Memang keterlaluan sampai namapun tak sempat di tanyakan mungkin keasyikan
ngobrol. Begitu juga dia tak pernah
menanyakan siapa namaku, dan pertanyaan lainnya kami hanya membahas tentang
buku.
“Kamu,
saya lihat keperpustakaan terus, memang tidak ada kerjaan lain apa?” Tanyaku
suatu ketika, sambil meletakkan lattop di dekatnya dan pergi ke rak buku.
“Aku
lagi mengerjakan tugas akhir” jawabnya.
Tak
lama berselang dia berujar “Tenang bukumu aman pada posisinya.” Kami memiliki
kebiasaan sama, suka menyelipkan buku jauh dari padang mata seseorang di antara
tumpukkan buku yang berbeda. Bila waktu
saat kami mau pijam mudah mencarinya dan karena jumlah buku terbatas terkadang suka keduluan di pijam
orang lain. Terpaksa trik jitu ini kami lakukan, perbuatan yang tak patut di contoh. HPku bordering,
suara sumbang terdengar dari teman sekelas yang memberitahu bahwa
jam 11 harus ke kampus, ada pengarahan tentang tugas akhir. Aku bergegas
setelah mengambil buku dan berpamitan untuk pulang duluan.
Tugas
akhir penulisan skripsi di majukan satu bulan dari recana sebelumnya. Kami diberi
waktu seminggu untuk mengajukan judul. Berjuang habis-habis focus mencari
materi skripsi dan konsultasi sehingga tak ada waktu lagi untuk keperpustakaan.
Tidak lama dari itu aku membeli modem jadi bisa ngenet di kostan, tak perlu menghabiskan waktu diluar mencari internet
gratis. Aku tegelam dalam rutinitas dan dikejar-kejar waktu untuk menghadap
pemimbing dan jadwal ujian yang kian dekat.
Aku
bisa bernapas lega karena bisa selesai dengan tepat waktu. Aku teringat dengan
sesuatu, buku yang dipijam dan belum sempat di baca. Aku menempuk jidat
dan garuk-garuk kepala, berapa denda yang harus dibayar atas keterlambatan
pemulangan buku itu .
“Waduh,
sudah hampir lima bulan aku tak berkunjung keperpustakaan pusda, semakin cepat
semakin baik memulangkan buku ini,” desis hatiku. Denda yang harus aku terima
delapan puluh ribu setelah mendapat potongan dari petugas karena sudah kenal.

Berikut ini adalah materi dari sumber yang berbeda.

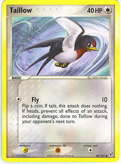 Evne2[C] Fly (10) Flip a coin. If tails, this attack does nothing. If heads, prevent all effects of an attack, including damage, done to Tallow during your opponent's next turn.

Aku tak berniat untuk memijam buku lagi
takut lupa memulangkannya. Setelah aku terima cek denda. Petugas itu
membuka laci menyodorkan sebentuk kado
dia mengatakan ini pemberian dari temanmu suka berkunjung ke perpustakaan. Dia
bilang kalau nanti kamu keperpustkaan tolong berikan ini. Aku memutuskan
untuk pergi kekampus mempersiapkan syarat-syarat yudisium.
Di
kampus aku membolak-balik dan membuka bungkusan. Sebuah buku novel yang
berjudul Sunset Bersama Ronsie penulis
Tere Leye. Aku hanya berguman dalam hati buku keluaran terbaru dari
penulis Tere Leye, berapa hari yang lalu aku hanya bisa memadang buku ini terpajang di toko buku, hari ini
berada di tangan. Lembaran pertama kubuka, berisi tulisan “Sahabat
terimakasih atas diskusi yang terjalin, sangat membantuku dalam ujian akhir.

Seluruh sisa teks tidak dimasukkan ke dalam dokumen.